13/02/2012

Aube, la saga de l'Europe, 299

Il n’y avait plus que quelques enrhumés. L’on n’attendrait pas qu’ils soient guéris pour repartir. Il n’y eut guère de protestations, sauf celles de deux vétérans bien enchifrenés. Ils auraient volontiers dormi plus longtemps. Leurs reniflements leur donnaient un ton nasillard et geignard. Il ne leur faisait guère honneur. Leur aspect était à l’unisson. Il soupira. Qu’ils restent près du feu, pourvu qu’ils l'aient rejoint avant le soir !
 
Il était parti depuis plus d’un pas du soleil. Il faisait avancer son cheval au pas, regard fixé vers les branches fortes dominant la piste. Beaucoup lui plaisaient, solides et bien placées... Aucune ne répondait à son désir de discrétion. Il devait être caché au-dessus du chemin emprunté pour tomber sur sa victime et l’abattre avant que son escorte ne réagisse. Toutes celles où il aurait pu se jucher auraient plutôt souligné sa présence. Il continua. Rien, encore rien, toujours rien. Elles le laissaient toutes à découvert ; les enchevêtrements qui l’auraient caché étaient trop fragiles ou trop haut. La lisière de la forêt n’allait plus tarder à apparaître. Il fallait qu’il trouve, pourtant.
Si ce passage pouvait convenir ! Il était étroit, et barré par une racine sortant du sol, assez haute pour obliger un cheval à la passer en levant les pattes.
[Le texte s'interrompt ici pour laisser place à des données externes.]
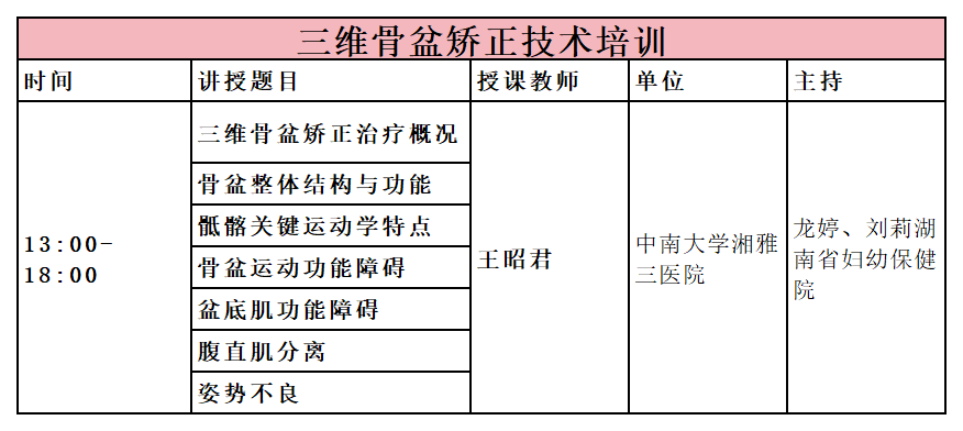 01 会议时间 2025年11月08-10日 02 会议地点 长沙北辰洲际酒店 酒店地址:湖南省长沙市开福区湘江北路三段1500号 联系电话:0731-89668866 03 主要内容 本次培训班分为主会场和分会场及女性盆底解剖培训班。 其主要内容见下: (一)盆底手术专题; (二)单孔及vNOTES专题; (三)盆底康复专题; (四)盆底手术演示; (五)女性盆底解剖培训班。 04 会议日程 05 三维骨盆矫正技术培训班 讲师介绍 王昭君 中国康复医学会运动治疗专业委员会 委员 湖南省孕产健康专业委员会副主委 湖南省脊柱骨伤康复专业委员会委员 湖南省运动治疗专业委员会⻘年委员  湖南省物理治疗专业委员会委员  智能体态分析系统 多维评估:三维人体体态,提供全面的体测数据,多维度评测健康风险。数据精确:检测系统依托用户大数据样本,通过高效的智能算法形成高质量的分析结果。 快速精准:系统将实时识别并自动标记人体45个骨性关键点,彻底告别手工瞄点时代。 直观易懂:评估结果以可视化图表形式输出,直观了解自身的体态问题。 科学灵活:支持“可手动修正自动识别的骨性关键点”,从而确保测试的准确性及个性化。 智能处方:根据检测结果实时匹配个性化运动处方,指导科学运动。 三维骨盆矫正修复系统 三维骨盆矫正修复系统是基于人体行走的步态模式而设计的左右交替倾斜运动模式的设备。可以引起两侧骨盆的交替倾斜同行走时的模式相似,而且速度更快。当振动达到一定频率时,肌肉开始产生牵张反射,能更好的锻炼肌肉间/肌肉内的协调性,激活从下肢到躯干的所有肌群,使全身肌群得到高效的训练。 评估测试: 产品功能: 骨盆运动功能障碍: 骨盆前倾、骨盆后倾、骨盆侧倾、骨盆旋转、髂骨分离、髂骨旋前、髂骨旋后、髂骨内收、髂骨外展、骶骨侧屈、耻骨联合分离。 盆底肌功能障碍: 盆底肌徒手肌力测试可大致反映盆底肌功能障碍程度;进一步确诊需专业医学检查,如盆底超声影像和盆底电生理检查。 腹直肌分离: 指腹壁肌肉从腹部中线的位置向两侧分离。 姿势不良: 肋骨外翻、圆肩驼背。 软件特点 1. 用户管理 对用户的个人信息进行录入保存,也可采集其他的检查评估报告,建立档案,同时进行评估测试并根据评估测试结果进行运动处方的设定。 2.评估测试 软件可指导临床操作人员对用户进行骨盆运动功能障碍评估、盆底肌功能障碍评估、腹直肌分离评估、姿势不良快速评估测试。 3.运动处方的选择 方案库中有多种运动处方,根据评估测试结果从方案库里进行处方选择;也可以在方案库中添加运动处方,根据用户实际情况对处方参数编辑调整,非常方便! 4.用户训练 训练过程中有视频动画、语音提示、文字描述等多维度指导,引导用户标准的完成动作训练。 5. 报告打印 训练完成后,可以针对本次的评估测试及训练打印相关报告,也可以打印历史记录报告。

Ils ralentiraient pour le franchir. Il n’y aurait pas de meilleur endroit pour frapper. Hélas, les brindilles entortillées le surmontant, idéales pour cacher un homme, ne tiendraient pas quand il voudrait s’élancer. Il ne pourrait fondre sur son ennemi comme l’oiseau de proie. Il serait plutôt oisillon tombant du nid.
Il sauta par dessus la racine et se retourna vers le fragile entrelacs. Maudit soi/... Il avait parlé trop tôt. Juste au-dessus était une branche solide, d’où il prendrait son élan quand il sauterait sur la monture de son ennemi, pour lui trancher la gorge.
C’était la configuration idéale, tant souhaitée, tant cherchée. Les ramilles le cacheraient de la troupe survenant l’âme en paix, chacun assuré de sa sécurité. Il réexamina sa cachette. En regardant en l’air sous un certain angle, on se rendait compte d’une présence éventuelle. Il haussa les épaules. Ils surveilleraient les sous-bois, non les airs. Il monta sur l’arbre et se coucha sur la branche. Il pouvait se reposer et même somnoler un peu. L’escorte était assez bruyante pour le réveiller. Il n’en fit rien. Sa vigilance l’aurait tenu les yeux ouverts, eût-il veillé une main de nuits.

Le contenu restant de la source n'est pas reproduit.